In the end, it's the amount of code the thing making the big differences. And now we know we are oijuted to something not far from 80% of the available memory informed by ESPHome compiler. 😩
@illuzn I cannot follow which is which: 91.6% Flash is with or without proxy.
It seems that there are at least 3 (common) options for ota partitions: 0x1c0000 (which esphome uses to calculate the %), 0x1b0000 and 0x190000, which I suspect to be the limit. Maybe it is only wishful thinking, but changing the partition table to host 0x1c0000 bytes for each ota partition would be great...
esphome changed the assumed size in this commit, which is why old screenshots of esphome compiles show 1638400 (0x190000) bytes to calculate the %. I found (against my first claim) that this can be adjusted in esphome
partitions (Optional, filename): The name of (optionally including the path to) the file containing the partitioning scheme to be used. When not specified, partitions are automatically generated based on flash_size.
So, the correct file corresponding to the NSpanel partition table would show an error after the compile and (hopefully) not allow the flash that would soft brick the device.
Disclaimer: Do not upload the compiled file unless you are trusting me more than I do!
I was indeed able to edit a partition table, feed it to esphome that subsequently bases its calculation on it.
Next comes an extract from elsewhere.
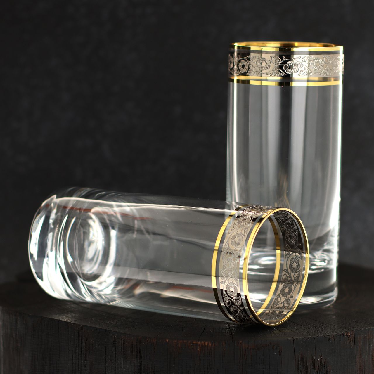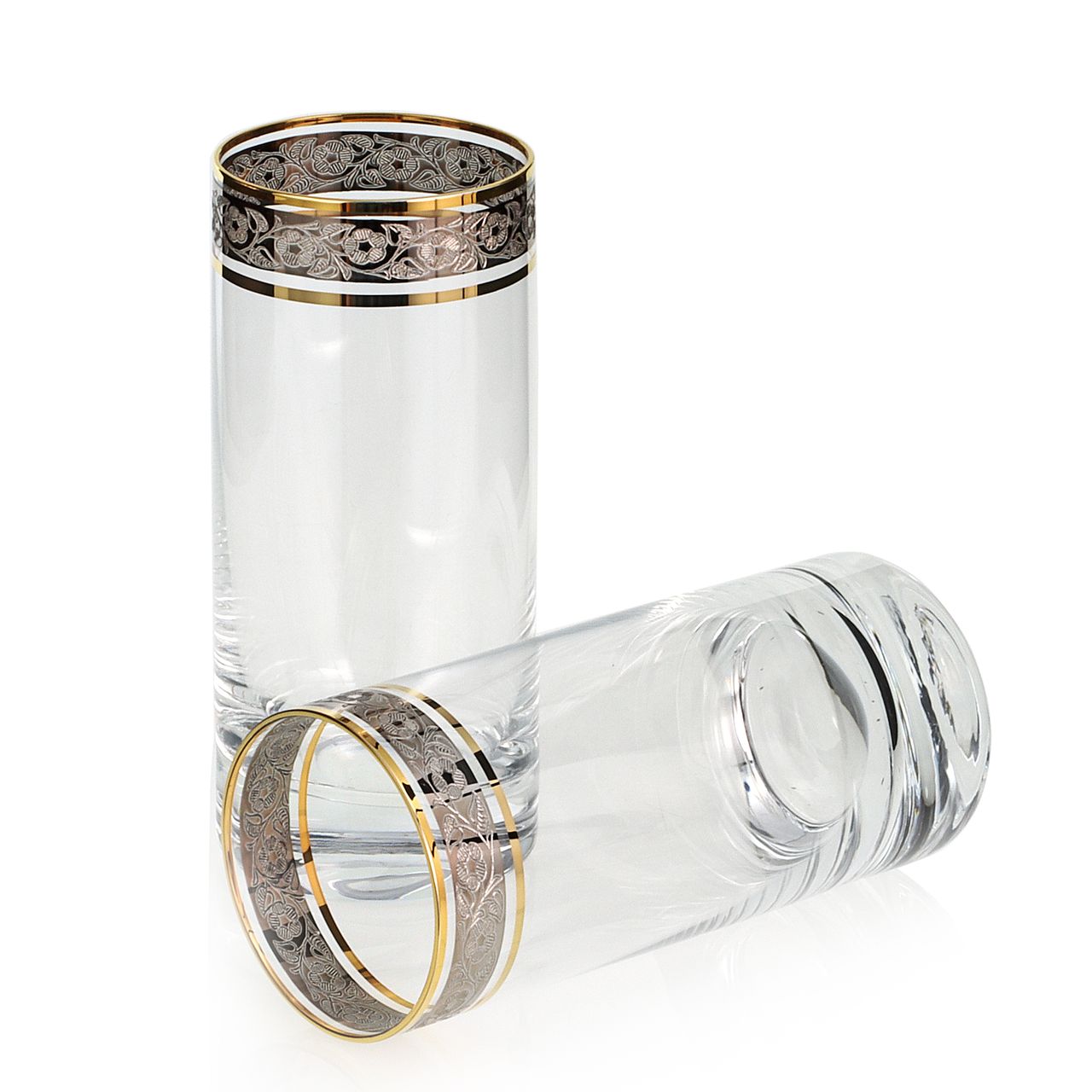 Ekskluzywny zestaw szklanek long drink ZŁOTO PLATYNA 390ml - 6 sztuk

I used the attached yaml and partitions.csv
files and got (after compilation, manual download)
Compiling .pioenvs/andydevpanel/src/main.o
Linking .pioenvs/andydevpanel/firmware.elf
RAM: [== ] 17.6% (used 57740 bytes from 327680 bytes)
Error: The program size (1712897 bytes) is greater than maximum allowed (1638400 bytes)
Flash: [==========] 104.5% (used 1712897 bytes from 1638400 bytes)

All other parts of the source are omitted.